-------- Original Message --------
Subject: Fw: [NABOKV-L] advantage to write in a foreign language?-
Date: Wed, 06 Sep 2006 13:39:00 -0300
From: jansymello <jansy@aetern.us>


From: jansymello
To: Vladimir Nabokov Forum
Sent: Wednesday, September 06, 2006 1:32 PM
Subject: Re: [NABOKV-L] advantage to write in a foreign language?- Blunders and Boners!

John Mullan ( brought up by Sandy Klein) wrote on the "advantages to write in a foreign language". He observed that "Vladimir Nabokov, who like Conrad had English as a third language, switched from writing in Russian to writing in English on emigrating to the US. He became one of the greatest prose stylists of this foreign language, playing with its words as only a foreigner might."
 
It seems Nabokov was also, say, ambidextrous in English.

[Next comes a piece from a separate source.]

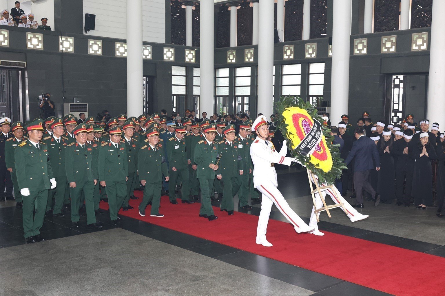8h03: Đoàn Quân uỷ Trung ương, Bộ Quốc phòng, do Đồng chí Đại tướng Phan Văn Giang, Uỷ viên Bộ Chính trị, Phó Bí thư Quân uỷ Trung ương, Bộ trưởng Bộ Quốc phòng làm Trưởng đoàn vào kính viếng đồng chí Nguyễn Phú Trọng.

He could employ "bloomers", "howlers","bloopers" and ... "boners" as well.

At the end of his Lectures on Literature we encounter " L'Envoi" where he states: ..."But if it may help you, if you have followed my instructions, to feel the pure satisfaction which an inspired and precise work of art givers; and this sense of satisfaction in its turn goes to build up a sense of more genuine mental comfort, the kind of comfort one feels when one realizes that for all its blunders and boners the inner texture of life is also a matter of inspiration and precision." 
... " I have tried to teach you to read books for the sake of their form, their visions, their art.  I have tried to teach you to feel a shiver of artistic satisfaction, to share not the emotions of the people in the book but the emotions of its author  - the joys and difficulties of creation..."
 
Also, like Jean Cocteau who wrote that "la vie est une chute horizontale", when going against common-sense and almost suggesting again Plato's cave, VN added:" we all are crashing to our death from the top story of our birth to the flat stones of the churchyard and wondering with an immortal Alice in Wonderland at the patterns of the passing wall". 
 
If I repeat VN over and over on the List this happens because a turning-back often helps us to read old writings with a new perspective as if confusing a live text and the empty plate of so many others we come across everyday.  I hope our ED agrees with that?